Isolation and characterization of human umbilical cord derived mesenchymal stem cells (hucMSCs). (A) Freshly collected umbilical cords were washed and cut into smaller pieces to attach on culture flasks surface for explant culturing. Passage 0 (a) cells started to release from explant, Passage 1 (b) and Passage 2 (c) cells show spindle-shaped fibroblast like appearance (Phase contrast; 10X); (B) Immunophenotyping of hucMSCs by flow cytometry showing positive expression of CD44, CD90 and CD73 and negative expression of CD146 and CD8. Mouse IgG antibody was used as isotype control; (C) Osteogenic, chondrogenic, and adipogenic differentiation of hucMSCs was detected by alizarin red, alcian blue and oil red O staining respectively (Phase contrast; 20X).

Fig. 1.

Isolation and characterization of human umbilical cord derived mesenchymal stem cells (hucMSCs). (A) Freshly collected umbilical cords were washed and cut into smaller pieces to attach on culture flasks surface for explant culturing. Passage 0 (a) cells started to release from explant, Passage 1 (b) and Passage 2 (c) cells show spindle-shaped fibroblast like appearance (Phase contrast; 10X); (B) Immunophenotyping of hucMSCs by flow cytometry showing positive expression of CD44, CD90 and CD73 and negative expression of CD146 and CD8. Mouse IgG antibody was used as isotype control; (C) Osteogenic, chondrogenic, and adipogenic differentiation of hucMSCs was detected by alizarin red, alcian blue and oil red O staining respectively (Phase contrast; 20X).
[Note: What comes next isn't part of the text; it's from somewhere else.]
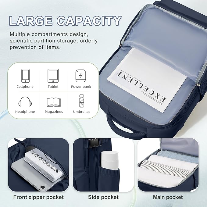 VECAVE Carry On Backpack for Women, Airline Approved Large Travel Backpack Flight Approved, Waterproof 14 Inch Laptop Backpack Business Work Backpacks Bag Men Mochila De Viaje Blue.

hucMSCs treated to differentiate into adipocytes showed morphological changes and displayed the accumulation of lipid vacuoles, which stained positively with Oil Red O. hucMSCs cultured in osteogenic differentiation medium showed morphological changes and stained red with alizarin red, indicating the presence of calcium deposits in differentiated cells while hucMSCs cultured in chondrogenic differentiation medium also showed morphological changes and stained blue with Alcian Blue, indicating the presence of proteoglycans deposits in differentiated cells (Fig. 1C). These characteristic features confirm that the isolated cells are stem cells.

Cytotoxicity assessment of small molecule CHIR99021

To determine the cytotoxic effect of CHIR99021 compound on viability of hucMSCs, we performed MTT colorimetric assay in which the higher number of viable cells shows a dark blue formazan product, compared to less number of viable cells. Therefore, in MTT assay higher absorbance correlates with healthy cell population. Different concentrations of CHIR99021 (3 µM, 5 µM and 7 µM) were not appear cytotoxic to cells (Fig. 2). We used 5 µM of CHIR99021 in subsequent experiments.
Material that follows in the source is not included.